NCTV Episode 29

Continuing with the series of bitesize health tip videos which can be found here on my YouTube Channel, this episode, includes:-

  • Why walking is important
  • The recommended level of physical activity a week
  • The health benefits of walking
  • An inviting scene to entice you outside for an Autumnal walk
  • Ways to motivate yourself and make walking a habit


If you’d prefer to read the content within, rather than watch the video, then feel free to read the transcript, as follows:-

Hello and welcome to NCTV Episode 29 which is all about the health benefits of walking.

First of all, why choose walking as a topic?

Well in the UK and as I’m sure it is elsewhere in the world, physical inactivity is a public health problem. Here it is responsible for 1 in 6 deaths which is equal to smoking and it’s been found that 1 in 3 men and 1 in 2 women are not active enough for good health.

People who don’t achieve the recommended level of physical activity are at risk of developing serious illnesses such as diabetes, heart disease and cancer.

So what is the recommended level of physical activity? Well the UK Chief Medical Officer recommends at least 150 minutes of moderate intensity activity, or 75 minutes vigorous activity, or a combination of both, a week

If you struggle to know where, when and how to get your exercise in, starting with a brisk walk on a trail near you, close to home is one of the easiest forms of exercise to improve your health.

The great thing about walking is that everyone can benefit from it, not only by reducing the risk of developing serious conditions but also in helping to manage those conditions if you do already have them, including cancer.

Certain conditions that walking can help to reduce the risk of are Alzheimer’s, Colon Cancer, and Type 2 Diabetes, all by 40%, depression by 30% and coronary heart disease & breast cancer both by 20%.

When it comes to management of conditions, regular physical activity such as brisk walking improves the control of blood sugar levels in people with type 2 diabetes, it can help people in the rehabilitation of stroke and COPD patients. It can help prevent bone loss associated with aging. It can help counter the effects of rheumatoid arthritis and can be as effective as an anti-depressant for those who suffer with mild or moderate depression.

Those are some of the main conditions it can help with but the list doesn’t end there, walking is also beneficial for longevity, weight loss, muscle strength, improving sleep, supporting your joints, improving your breathing and energy levels and slowing down mental decline.

Moving on and just to say that it has been reported that 1 in 4 people would be more active if advised to do so by a healthcare professional – So here it is, my advice to you as a healthcare professional, increase your exercise for better health outcomes, and what easier way to do that than starting with enjoying a brisk Autumn walk in the woods, parks and downs near you?

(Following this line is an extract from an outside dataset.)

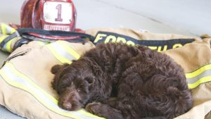 The Australian Labradoodle joined the fire department this summer to enhance the agency’s outreach program. Once fully trained, Hallie will be used to teach children about fire safety and also serve as a emotional support animal for fire department employees.

It’s free, it’s easy to do, and it’s easy on the joints so be sure to get yourself some comfortable and supportive shoes or trainers, pack yourself some water and healthy snacks (and maybe in this weather a waterproof jacket) and get yourself out there.

Don’t just make it a one off though, make it a habit and think of ways to include it in your daily routine such as walking more to the shops or work, or doing it regularly with a friend or family member. You could even join a local walking or rambling group.

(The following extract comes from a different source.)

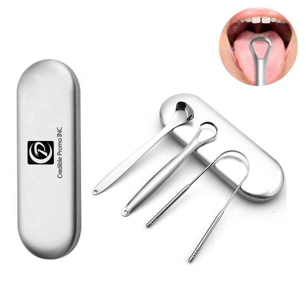 3pcs Portable Stainless Steel Tongue Scrubber Set

If it helps, try listening to some up-tempo music or a podcast you enjoy.

If you need some extra motivation there are numerous fitness tracker style watches and also various walking apps you can get to set goals, see nearby routes, number of steps taken, calories burnt and some with rewards to unlock to keep you going too.

So there you have it for this week’s bitesize tip to help your health flourish, bye bye for now.